3. Boots and bindings should be snug, not tight, overtightened bindings cause foot pain.

4 & 5. big toe shop fit heat molding nonsense story: heat molding your boots in the shop help you to feel how the boot will fit as it breaks in (not packs out). Don't be oversold on the concept, when the boots are completely packed out its time for a new pair, you are buying them for how they support and love you brand new, right now. The entire time that you wear them they are gonna be 100 degrees farenheit constantly heat molding. Back to the big toe issue. Stand in your boots with your feet shoulderwidth apart and bend your knees so that you squat about 4-6". You will notice that as you bend your knees, your toes will pull back from the front of the boot. In a perfect fitting boot (unless you are shopping it as a hiker who plans to put miles in them) your toes will actually slightly *push* against the front of the toe of the boot in the standing position, and as you bend your knees and they pull back, they will never push against the front when you ride, but still fill the toebox comfortably and perfectly. This is counter-intuitive to any sort of shoe or boot buying in normal life, however it is true.

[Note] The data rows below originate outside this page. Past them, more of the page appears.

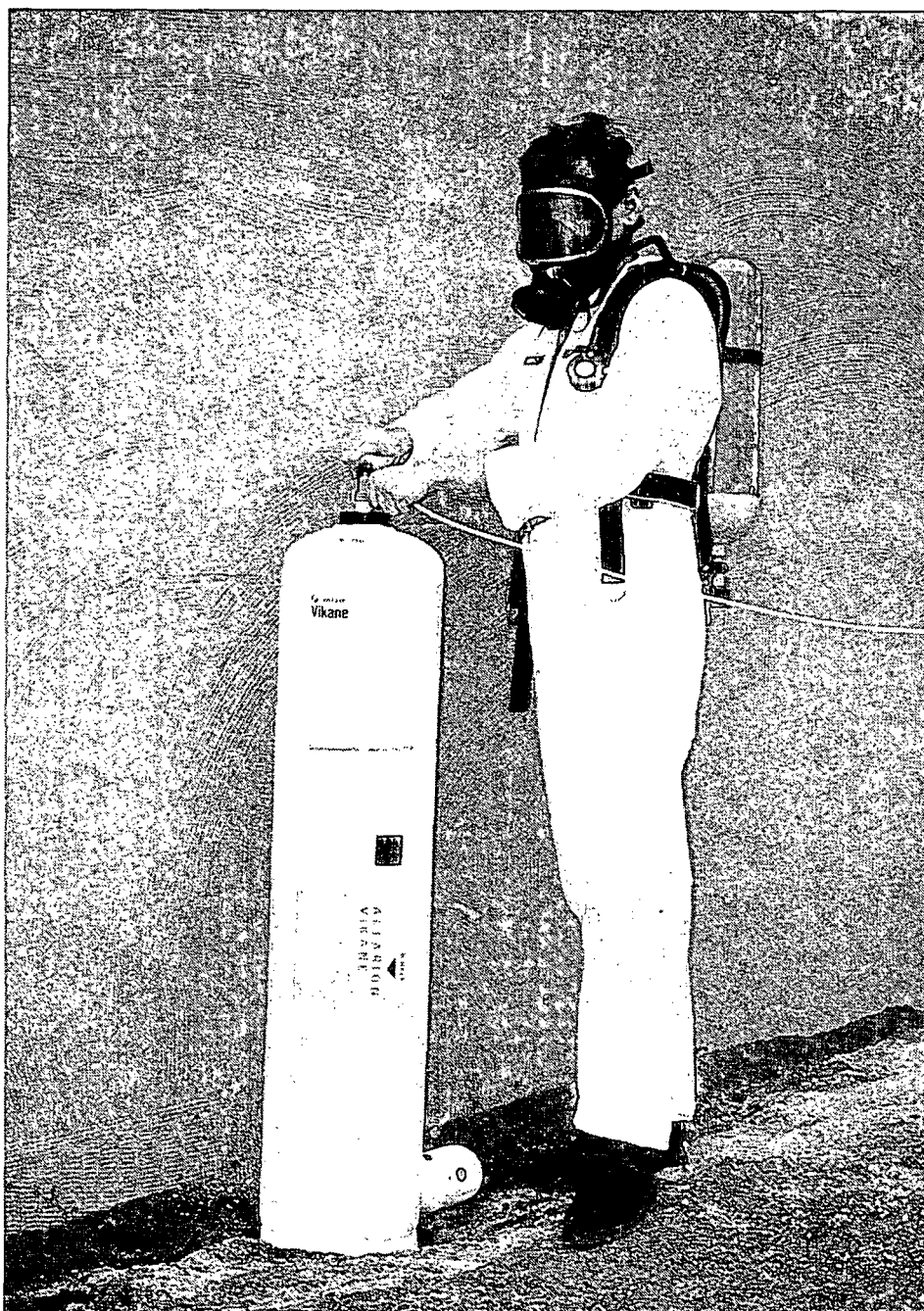
Fig. 4. Releasing the sulfuryl fluoride from the cylinder

not fumigated) was determined to be 1000 m 3 (ca. 35500 ft 3 ). The temperatures inside the church ranged from 6°C–9.5°C (42.8°F–49.1°F). These low temperatures are indicative of very difficult conditions for killing insects, because of their reduced rates of respiration. Thus, to determine the effectiveness of the fumigation, wooden blocks and metal cages with Anobiidae larvae were posted at various positions in the church.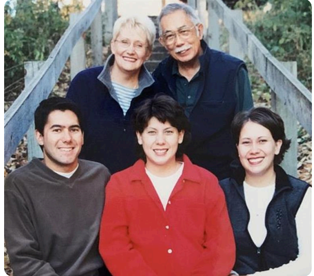
Family photo from Tartan Park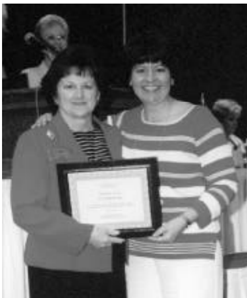
The first ever Past President's Web Page Award was awarded to UNOPA!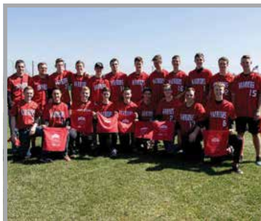
2016 Warrior Baseball team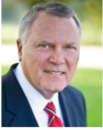
Nathan Deal GOVERNOR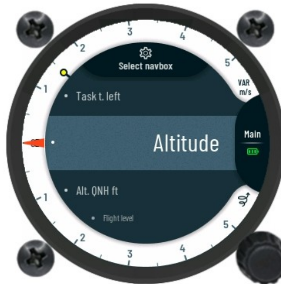
Select navbox page.

On Select navbox subpage, pilot can scroll through the navigation list of data.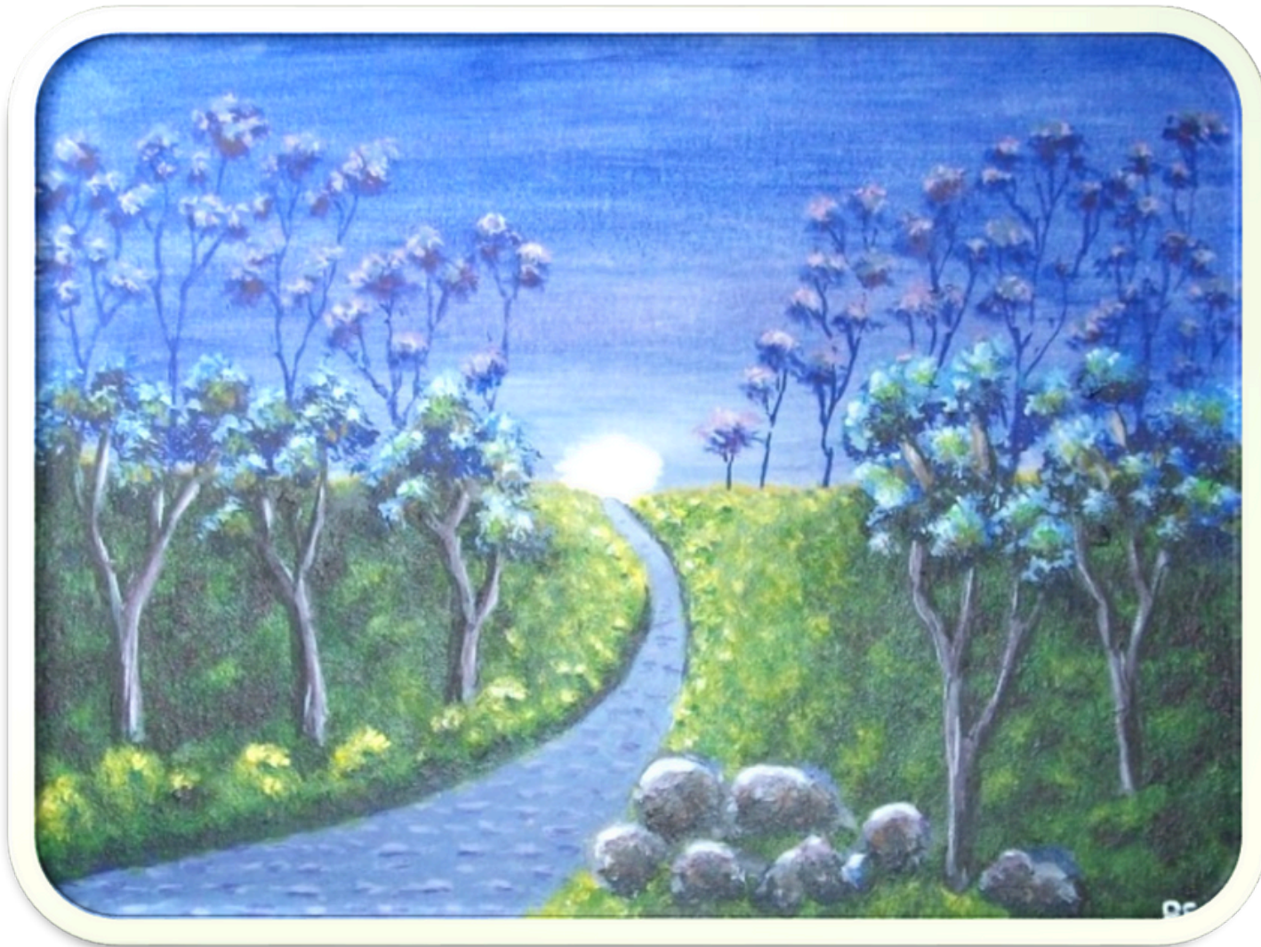
Moonlight. Oil. painting by PEL.

"The Aquarian comes a-riding, through the mists of Time. The Aquarian comes a-riding, striding once again."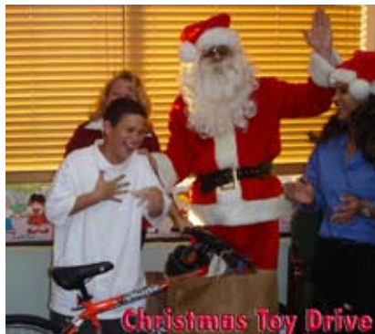
Christmas Toy Drive

In the fall semester, student-athletes donated over 300 toys and delivered them to the Just Kids Centers in Miami before Christmas along with 15 bicycles which were donated by

6. Different brands and even models within brands fit differently, perhaps that model of k2 in those sizes is not a great fit. A bootfitter can also help.

7. I rode 50 days in pain last year in a pair of k2 T1 DB's, a top of the line boot that was my size. This year I got 2 pairs of 32's, the Lashed and TM-Two (these are a little stiffer than the lashed with a considerably thicker liner) and they both fit me much better with their liners swapped. The Tm-twos are a bit too stiff and tight for my fat foot, so the thinner liner of the Lashed allows the perfect amount of room. On the flip, the Lashed with their own liners are a little swimmy and loosey goosey, and with the much burlier liner from the TM-two's I get a really nice fit. Hence I enjoy benefits of frankenbooting.

8. Keep your toenails VERY trim, always, seriously.

Good luck :thumbsup:


----------



## PNWRider (Feb 7, 2012)

I'll keep that in mind about overtightened bindings. Releasing the boots from the bindings helped the pain to dissipate so that might be one cause. I'm not sure I understand what you're saying about heat moulding and pack out. Are you saying the boots will not pack out that much, and if they do, then they should be replaced? My old Saloman Synapses packed out so much in probably 10 days of wear that they became a risk for ankle sprains. I've heard the K2 Maysis Intuition Liner also packs out quite a bit, so sizing down a half-size is the way to go. When I'm standing in the boots, my big toe grazes the front. On the slopes, I think my feet swelled, because my big toe would be curled painfully when standing. When flexed on the board, my foot would pull back and my big toe would not be curled against the front. 



snowklinger said:


> Several points I would make about boot fit, I also have flat feet.
> 
> 1. I find that riding any less than 1x a week and my feet muscles just cannot keep up. When I ride 2 days a week or more, my feet NEVER hurt; but when I go once every 10 days, or at the beginning of the season, the small muscles in my feet really give me alot of pain.
> 
> ...


----------



## Jason (Feb 15, 2011)

My pain felt like my arches were burning. I would literally have to take my boots off for the pain to stop. After every run I would take off my boots/rub my feet and browse a few websites on my phone. Now I only stop to take eat, use the bathroom, or grab a drink.


----------



## snowklinger (Aug 30, 2011)

I'm saying that heat molding in the store basically simulates the heat molding that will take place the entire time you wear the boot. I understand the concept with the intuition liner, and I'm not sure how old your synapses were, but it sounds like they were too big for you to begin with. Any pack out in my liners over 50 days can be easily overcome with a little lace tightening.


----------